Here are my best attempts. One is just #48462 (which should become standard in v1.10) and the other is based on bit twiddling
isfinite_v1_10(x::AbstractFloat) = !isnan(x - x)
isfinite_bittwiddle(x::T) where T<:Base.IEEEFloat = reinterpret(Unsigned,x) & Base.exponent_mask(T) != Base.exponent_mask(T)
using BenchmarkTools
x = randn(1000);
# x[345] = -Inf # enable if desired
@btime mapreduce(isfinite,&,x)
@btime mapreduce(isfinite_v1_10,&,x)
@btime mapreduce(isfinite_bittwiddle,&,x)
# all around 230ns on v1.8.0
@btime mapfoldl(isfinite,&,x)
@btime mapfoldl(isfinite_v1_10,&,x)
@btime mapfoldl(isfinite_bittwiddle,&,x)
# all around 125ns on v1.8.0
Note that mapfoldl
was significantly faster for me (on v1.8) than mapreduce
. mapreduce
seems to sometimes do poorly on things (possibly #48129 but maybe different). None of the isfinite
variants was any faster than another. My re-definitions of isfinite
did not make things any faster.
And here’s my best hand-written (read: ugly) fma
version. Hopefully LoopVectorization could do similar, but I didn’t want to mess with it.
function allfinite(x)
unroll = 16
V = Val(unroll)
z = zero(eltype(x))
# begin vectorized segment
zz = ntuple(_->z, V)
ss = zz
startinds = eachindex(x)[begin:unroll:end-unroll+1]
for i in startinds
xx = ntuple(j -> @inbounds(x[i+j-1]), V)
ss = fma.(zz, xx, ss)
end
ss == zz || return false
# begin the tail
s = z
for i in startinds[end]+unroll:lastindex(x)

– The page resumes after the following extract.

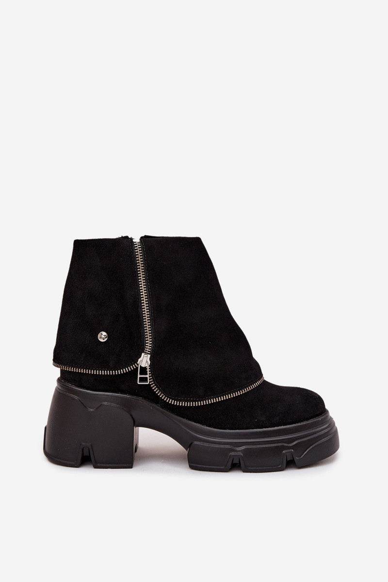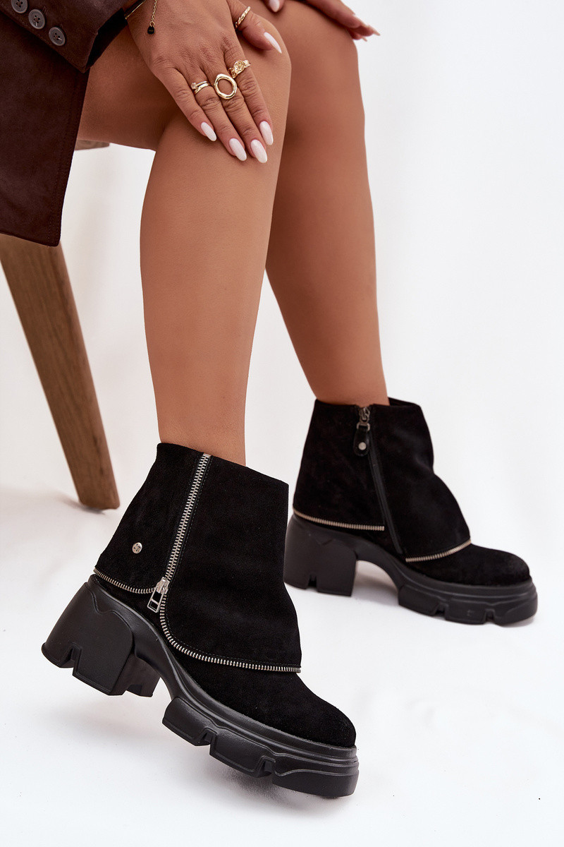 Nahast naiste saapad tikandiga cholewa Tai turiciejka 07145-01 musta värvi

s = fma(z, @inbounds(x[i]), s)
end
return s == z
end
@btime allfinite($x)
# 70-90ns, depending on the need to check the tail
This looks like the winner. I can’t imagine a way to do this any faster except by unrolling more (which has its drawbacks). The inner loop of the @code_native
is just
.LBB0_4: # %L295
# =>This Inner Loop Header: Depth=1
vfmadd231pd (%rax,%rdx,8), %ymm0, %ymm3 # ymm3 = (ymm0 * mem) + ymm3
vfmadd231pd 32(%rax,%rdx,8), %ymm0, %ymm4 # ymm4 = (ymm0 * mem) + ymm4
vfmadd231pd 64(%rax,%rdx,8), %ymm0, %ymm1 # ymm1 = (ymm0 * mem) + ymm1
vfmadd231pd 96(%rax,%rdx,8), %ymm0, %ymm2 # ymm2 = (ymm0 * mem) + ymm2
addq $16, %rdx
cmpq %rdx, %rcx
jne .LBB0_4
If you don’t expect to find any !isfinite
values then I wouldn’t bother checking for an early exit except maybe before the tail.